*** Data ***
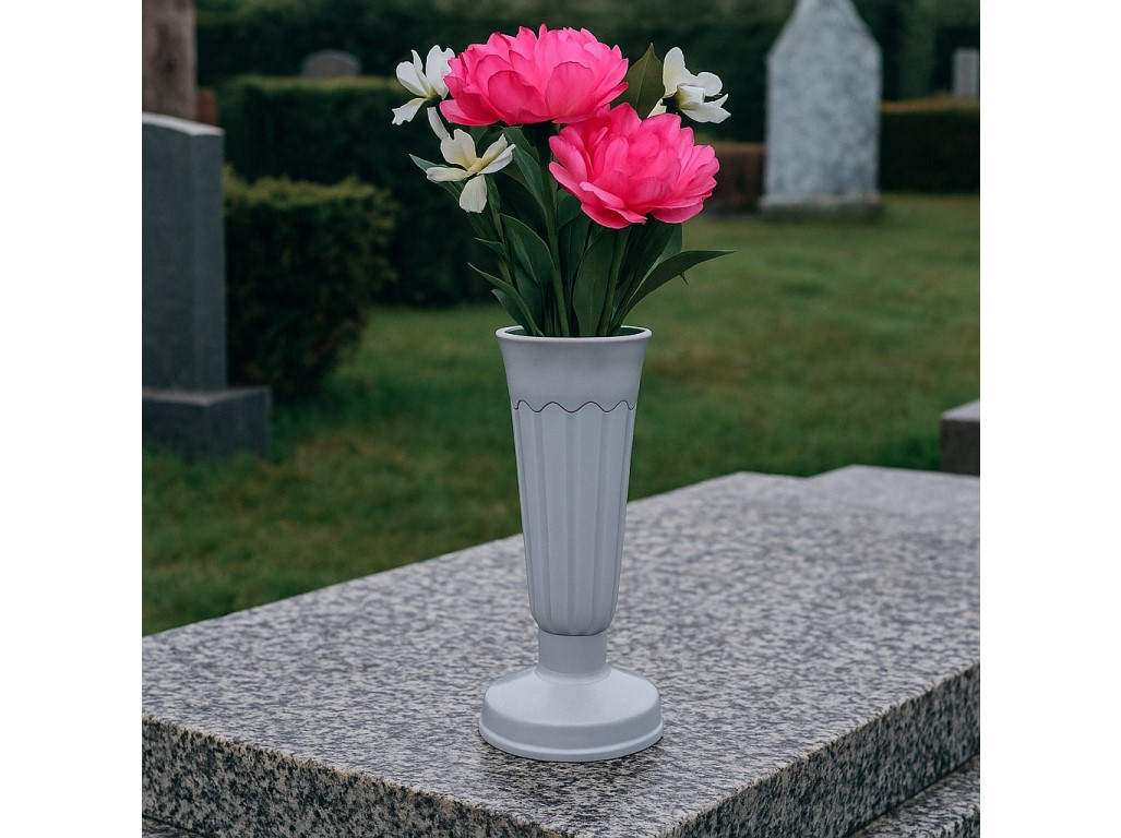 Plastová hřbitovní váza Madona se zátěží o výšce 32 cm je ideálním řešením pro bezpečné a stabilní umístění květin na hrobě. Díky pevné zátěži váza odolává větru a zajišťuje, že květiny zůstanou ve svislé poloze po dlouhou dobu. Jednobarevný design je praktický a nenáročný na údržbu.
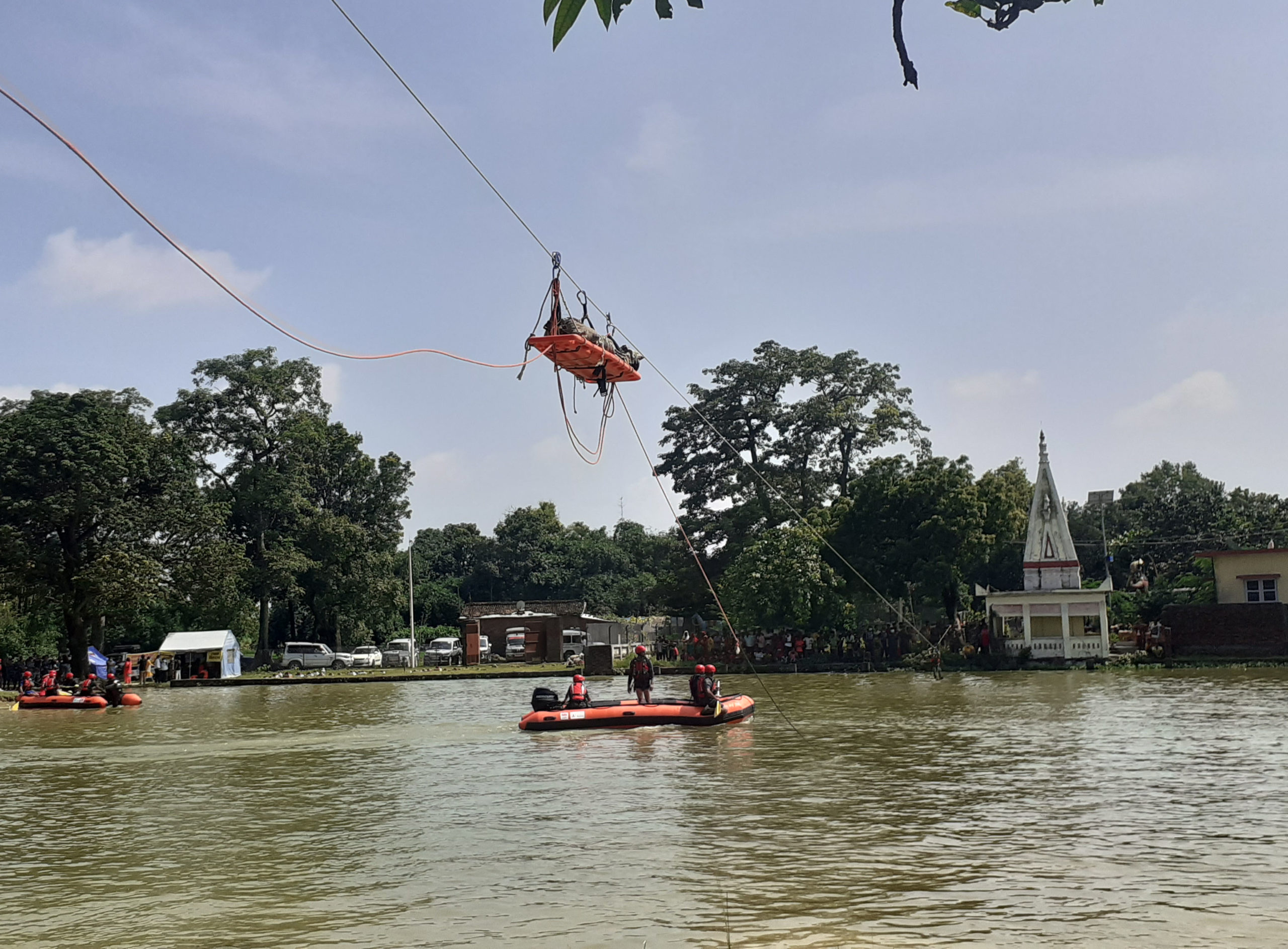 तत्कालै प्रमुख जिल्ला अधिकारीले निर्देशन दिएपश्चात् नेपाली सेना, नेपाल प्रहरी र सशस्त्र प्रहरीको संयुक्त खोज तथा उद्धार टोली मोटरबोटमा आवश्यक उद्धार सामग्रीसहित घटनास्थलमा पुगेर बाढीमा फसेकालाई उद्धार गर्ने, उद्धार गरिएका व्यक्तिलाई सुरक्षितस्थलमा पुर्याउने र घाइतेलाई अस्पताल पुर्याउने कार्यमा खटिएको छ ।
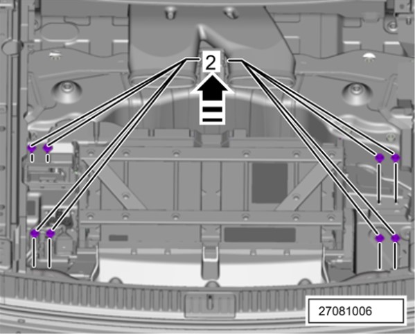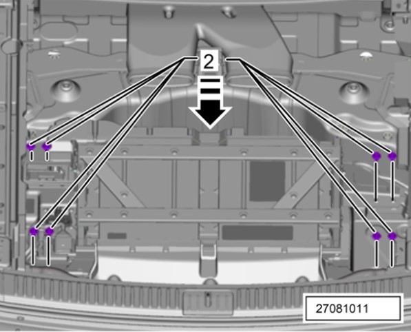 3 Привернуть высоковольтную АКБ с помощью восьми крепежных винтов -2-. Момент затяжки 23 Nm.
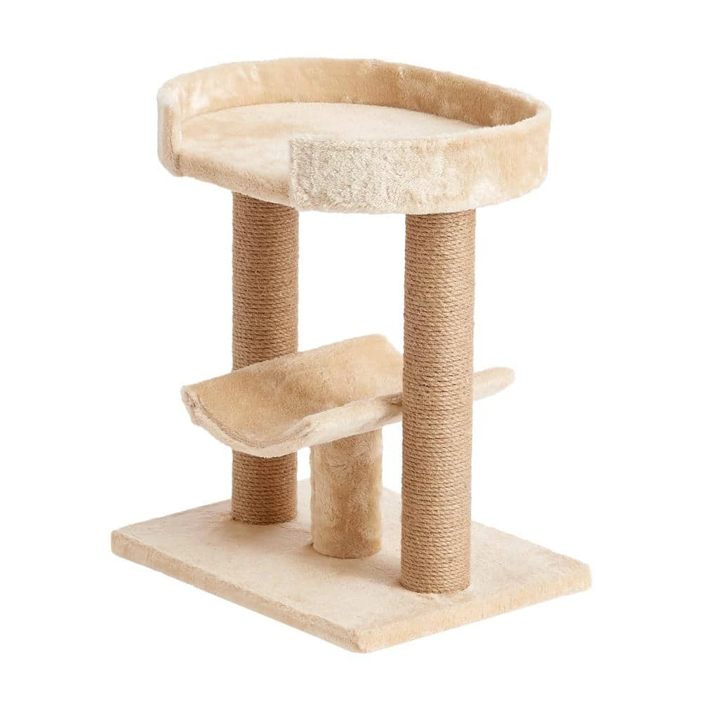The Laurel features 2 scratch posts, an elevated sided perch and a hammock to give cats lots of perching, playing and scratching options. Top platform offers room to spread out, while bottom platform offers a contoured place to perch or cat nap. Jute-wrapped posts for scratching. Neutral beige to fit in any decor. 21.2 in. tall. 17.7 in. WEasy assembly required.
*** End of Data ***
#### Activity:
Transcribe all the material exactly; skip every image.

#### Result of this task:
 Plastová hřbitovní váza Madona se zátěží o výšce 32 cm je ideálním řešením pro bezpečné a stabilní umístění květin na hrobě. Díky pevné zátěži váza odolává větru a zajišťuje, že květiny zůstanou ve svislé poloze po dlouhou dobu. Jednobarevný design je praktický a nenáročný na údržbu.
 तत्कालै प्रमुख जिल्ला अधिकारीले निर्देशन दिएपश्चात् नेपाली सेना, नेपाल प्रहरी र सशस्त्र प्रहरीको संयुक्त खोज तथा उद्धार टोली मोटरबोटमा आवश्यक उद्धार सामग्रीसहित घटनास्थलमा पुगेर बाढीमा फसेकालाई उद्धार गर्ने, उद्धार गरिएका व्यक्तिलाई सुरक्षितस्थलमा पुर्याउने र घाइतेलाई अस्पताल पुर्याउने कार्यमा खटिएको छ ।
 3 Привернуть высоковольтную АКБ с помощью восьми крепежных винтов -2-. Момент затяжки 23 Nm.
The Laurel features 2 scratch posts, an elevated sided perch and a hammock to give cats lots of perching, playing and scratching options. Top platform offers room to spread out, while bottom platform offers a contoured place to perch or cat nap. Jute-wrapped posts for scratching. Neutral beige to fit in any decor. 21.2 in. tall. 17.7 in. WEasy assembly required.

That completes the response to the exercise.